Dachshund with a Swollen Face
What’s Wrong With My Dog’s Face?
“Doc, Gertrude’s face looks wrong. She was just sitting on her dog bed in the living room and now this,” said the darlin’ dapple dachshund’s worried dad.
Gertrude is a ball of energy. So, immediately something sounds “off.” Why would this little spitfire sit quietly on her bed in the middle of the afternoon?
“Where was she a half hour before this happened?” asked Doc Truli.
“She was out back in the yard, chasing a squirrel,” said Gertrude’s dad.
“Looks like she was either bitten by a bee or insect or had an allergic reaction,” said Doc Truli, flicking a syringe full of clear liquid allergy relief medication. Gertrude needed two shots of medicine to get her face to stop swelling up.
“If you look closely, her left side looks bigger than the right side. I’ll bet an insect bit her,” said Doc Truli.

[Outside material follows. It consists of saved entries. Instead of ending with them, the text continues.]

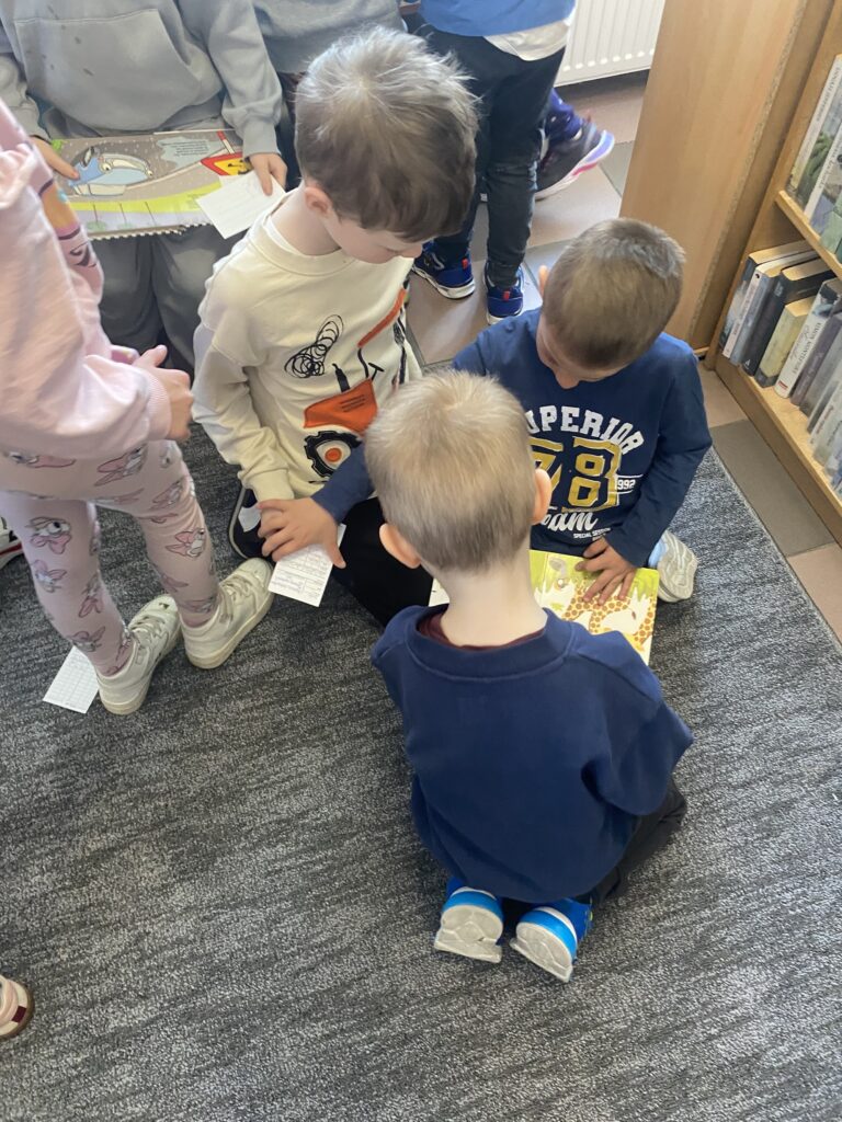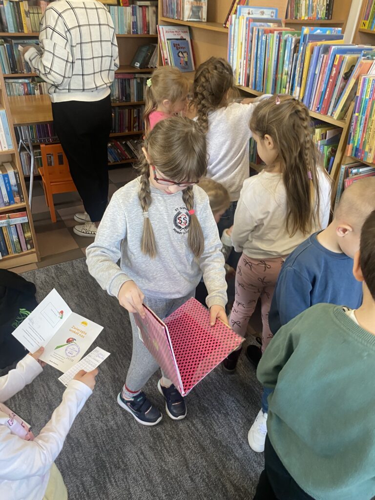 Tematem spotkania była książka i biblioteka. Dzieci poznały najważniejsze zasady korzystania z biblioteki, dowiedziały się, jak zostać czytelnikiem oraz jak dbać o książki. Wysłuchały opowiadania „Biblioteka” z serii „Przygody Fenka”, wierszy pt.: „Skarga książki”, “Prośby książki” oraz rozwiązywały zagadki związane z bohaterami bajek.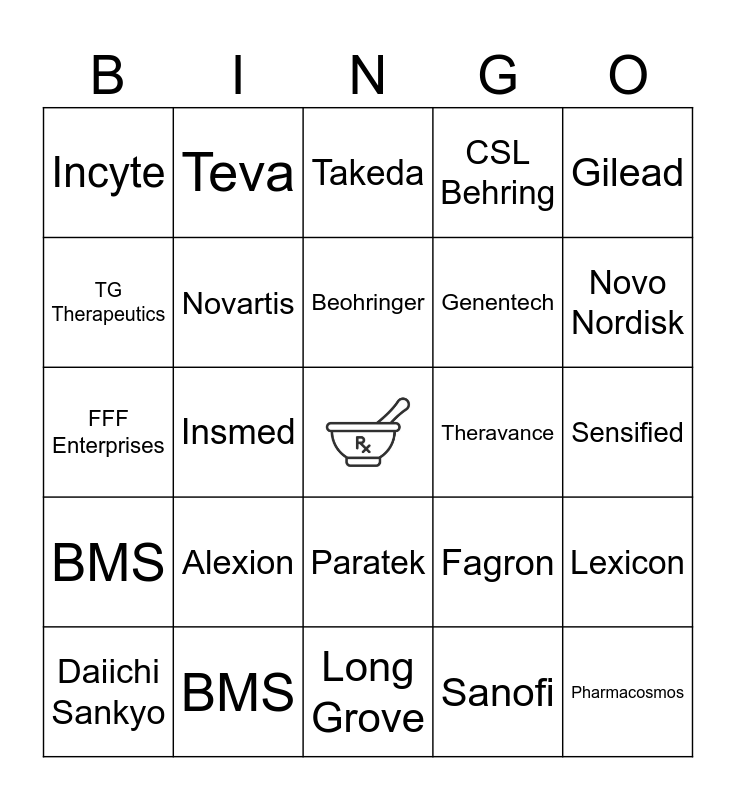 This bingo card has a free space and 24 words: Alexion, BMS, Beohringer, Daiichi Sankyo, Gilead, Incyte, TG Therapeutics, Teva, Theravance, Paratek, Genentech, FFF Enterprises, Fagron, Lexicon, Novartis, Sanofi, Sensified, Takeda, Novo Nordisk, Insmed, Pharmacosmos, BMS, CSL Behring and Long Grove.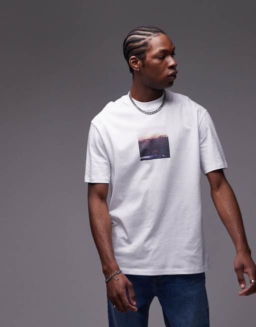 Topman - Premium - Oversized T-shirt med påsyet print med Hackneys skyline i hvid
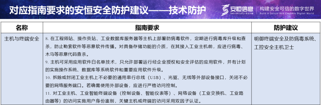 安恒信息深耕工业信息安全领域数年,面向使用、运营工业控制系统的企业提供贯穿IT/OT的融合性工业信息安全解决方案,覆盖工业企业在数字化转型过程中的架构与边界安全、上云安全、应用安全、工业数据安全、主机与终端安全等不同安全场景,协助工业企业用户做好工业控制系统网络安全面临的突出问题,安恒信息通过多年技术沉淀,形成符合《工业控制系统网络安全防护指南》要求的安全防护体系,协助工业企业进行安全建设。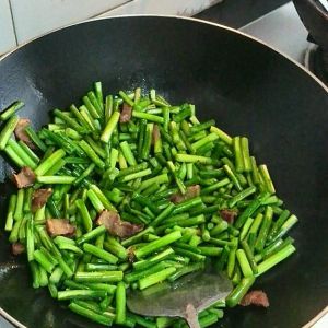 将腊肉直接放入不加油的锅中,开小火慢慢将腊肉的油煎出来,等到腊肉变透明了加入少许油,再将蒜苔倒入一起翻炒。三四分钟后加入少许盐,鸡精。起锅。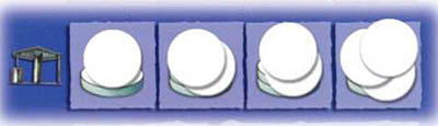 Example: The Steam Pump display looks like this at the beginning of the fourth turn. If you select the Improve Steam Pumps action you can take the stack of three steam pump discs.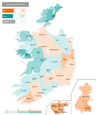 | Donegal West | 30,850 | 50.2% | 8,682 | 6,207 | 58.3% | 41.7% |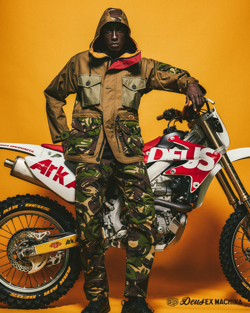 DEUSデザインチームが、モト、ラリー、アドベンチャーのコンセプトをもとに、イギリスのミリタリーウェアーレーベルAirkAirとのカプセルコレクション

What to Expect as an Allergic Swelling Goes Away
First, we stop the allergic reaction with medication. The swelling is caused by edema (pronounced eh-dee-ma). If you understand that edema is fluid build-up within the tissues of the body, not between the layers like an abscess pocket, then you understand how the body has to absorb the fluid back into the bloodstream over time.
(With a pocket of fluid, like pus, we can surgically drain the fluid and relieve the uncomfortable pressure.)
The swollen allergic muzzle will begin to go back to normal, but not before gravity starts pulling some of the edema fluid through the tissue layers and under the chin.
“It is perfectly normal for a soft swelling to form under the chin after a swollen allergic face on a dog. It is not a new symptom, it’s just the effect of gravity on the extra fluid,” says Doc Truli.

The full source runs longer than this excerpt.